Understanding fundamentals still matters. AI can generate a debounce function, but if you don't understand closures and timing, you won't know when the generated version is subtly wrong for your use case. AI can set up a database migration, but if you don't understand indexing strategies, you won't catch the missing index that'll tank your query performance at scale. The tools amplify your existing knowledge. They don't replace it.

The Workflow That Actually Works

After a lot of iteration, here's the process I've settled into:

Think first, prompt second. I spend a few minutes thinking about what I want before I start typing. What's the interface? What are the edge cases? What's the simplest version that works? The better my mental model, the better the output.

Describe intent, not implementation. "Write a function that retries a fetch request with exponential backoff, max 3 attempts, and throws after the final failure" works better than "write a for loop that calls fetch and waits longer each time." The more I describe what I want and why, the better the result.

Read everything it generates. This is non-negotiable. I read every line. Not skim - read. I'm looking for logic errors, missing edge cases, unnecessary complexity, and style inconsistencies with the rest of the codebase. This step catches maybe 20% of generated code that needs changes.

Edit by hand when it's faster. Sometimes the AI gets 90% right and the remaining 10% is faster to fix manually than to describe in another prompt. I switch between prompting and typing fluidly. There's no rule about which to use when - it's a feel thing.

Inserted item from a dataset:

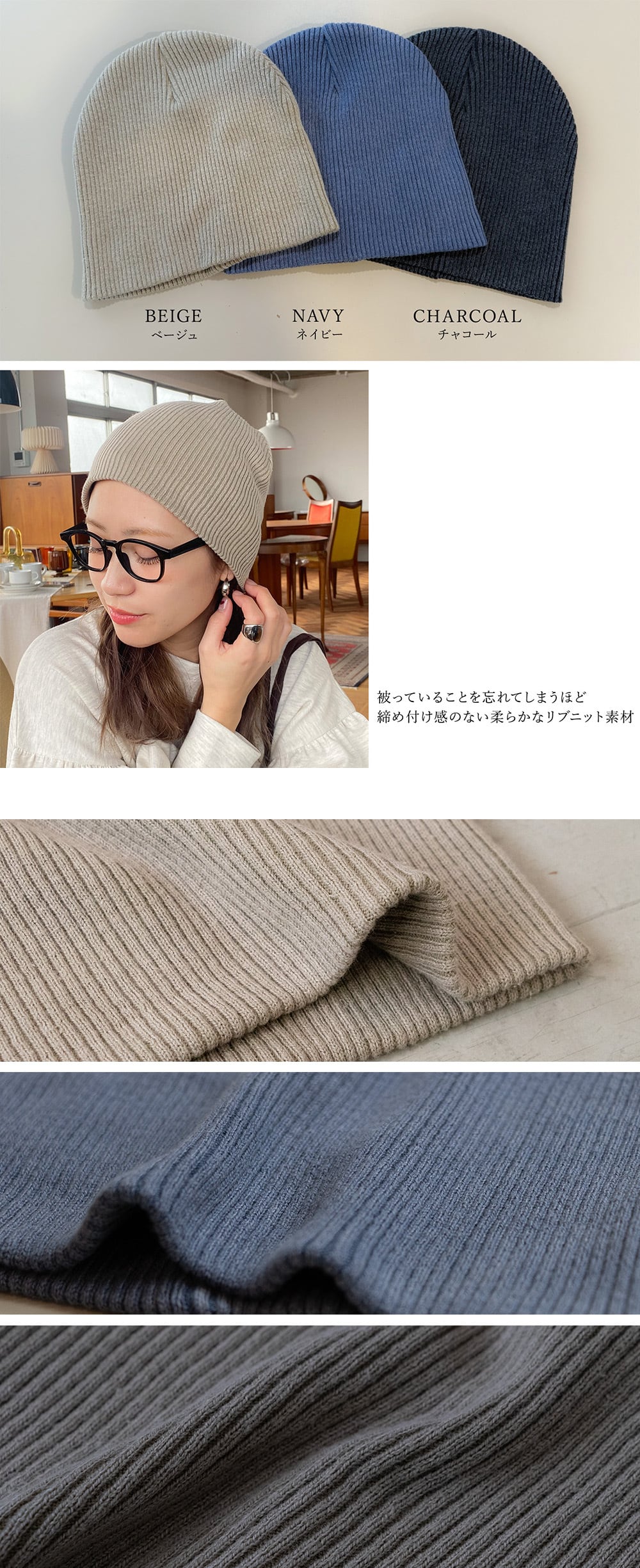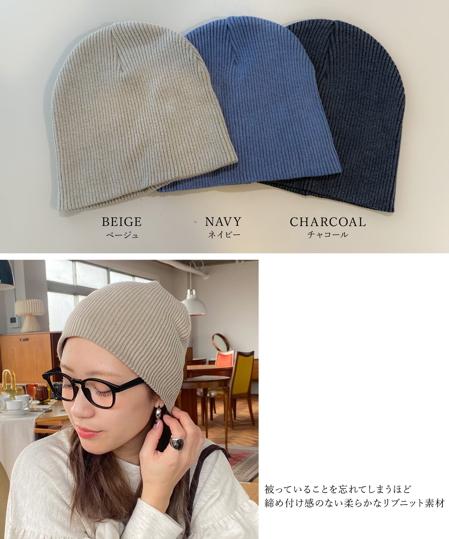 ベーシックなリブ編みがスタイリングを選ばず楽しめる、定番のニットビーニー。

Test immediately. Since generating tests is fast now, I test every significant piece of generated code before moving on. Catching bugs at this stage is cheap. Catching them in production is not.

Where I Think This Is Going

I'm not going to make grand predictions about AI replacing developers. What I will say is this: the tools are getting better fast enough that the workflow I described above will probably look quaint in a year. The gap between "describe what I want" and "get working code" is shrinking, and the definition of "working" is expanding to include more edge cases, better error handling, and more idiomatic patterns.

The developers who benefit most aren't the ones who use AI the most - they're the ones who know enough to use it well. Domain knowledge, architectural taste, and debugging skill become more valuable, not less, because they're the things AI can't provide.

The key insight, if there is one: AI is a force multiplier, not a replacement. It makes good developers faster and lets them take on more ambitious projects. It doesn't make bad decisions into good ones.